● INFORMATION SHOWN:
....

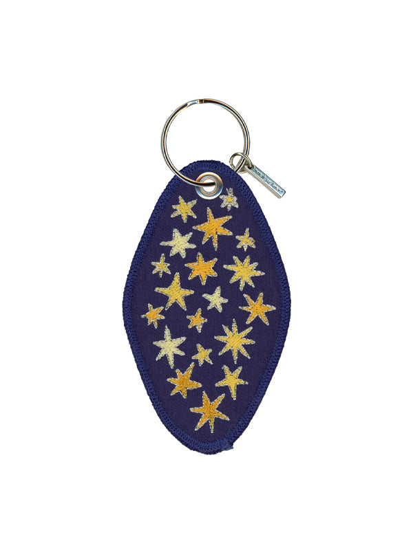 ✦ Single embroidered patch style motel keychain.
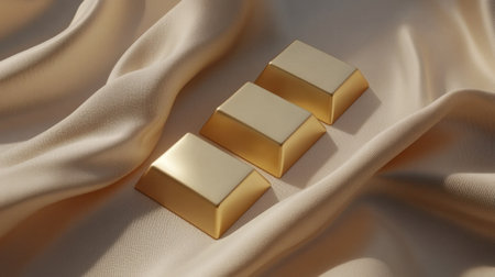 Three gleaming gold bars are elegantly displayed on soft fabric, symbolizing luxury and wealth. The composition highlights sophistication and opulence.
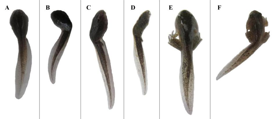 水中微量的有机磷农药残留会导致中国林蛙卵孵化中出现大量畸形情况,主要表现为尾部强直性弯曲、骨骼畸形、身体轴线弯曲及前肢缺失

....

● EXERCISE:
Please reproduce the material above word for word, without its images.

● RESULT OF THE TASK:
 ✦ Single embroidered patch style motel keychain.
 Three gleaming gold bars are elegantly displayed on soft fabric, symbolizing luxury and wealth. The composition highlights sophistication and opulence.
 水中微量的有机磷农药残留会导致中国林蛙卵孵化中出现大量畸形情况,主要表现为尾部强直性弯曲、骨骼畸形、身体轴线弯曲及前肢缺失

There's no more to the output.